We are happy to announce that our paper "Natural Key Discovery in Wikipedia Tables" has been accepted as a short paper at The Web Conference 2020.
Authors: Leon Bornemann, Tobias Bleifuß, Dmitri V. Kalashnikov, Felix Naumann and Deepak Srivastava
Abstract: Wikipedia is the largest encyclopedia to date. Scattered among its articles, there is an enormous number of tables that contain structured, relational information. In contrast to database tables, these webtables lack metadata, making it difficult to automatically interpret the knowledge they harbor. The natural key is a particularly important piece of metadata, which acts as a primary key and consists of attributes inherent to an entity. Determining natural keys is crucial for many tasks, such as information integration, table augmentation, or tracking changes to entities over time.

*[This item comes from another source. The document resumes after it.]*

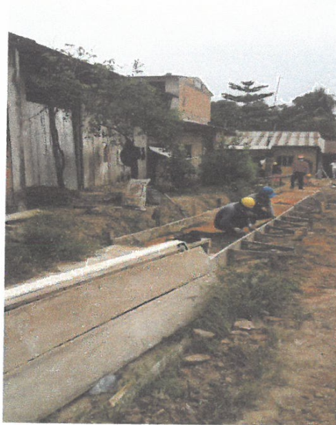
ENCOFRADO DE VEREDA EN LA CALLE TARATA CUADRA 07, LADO DERECHO

To address this challenge, we formally define the notion of natural keys and propose a supervised learning approach to automatically detect natural keys in Wikipedia tables using carefully engineered features. Our solution includes novel features that extract information from time (a table's version history) and space (other similar tables). On a curated dataset of 1,000 Wikipedia table histories, our model achieves 80% F-measure, which is at least 20% more than all related approaches. We use our model to discover natural keys in the entire corpus of Wikipedia tables and provide the dataset to the community to facilitate future research.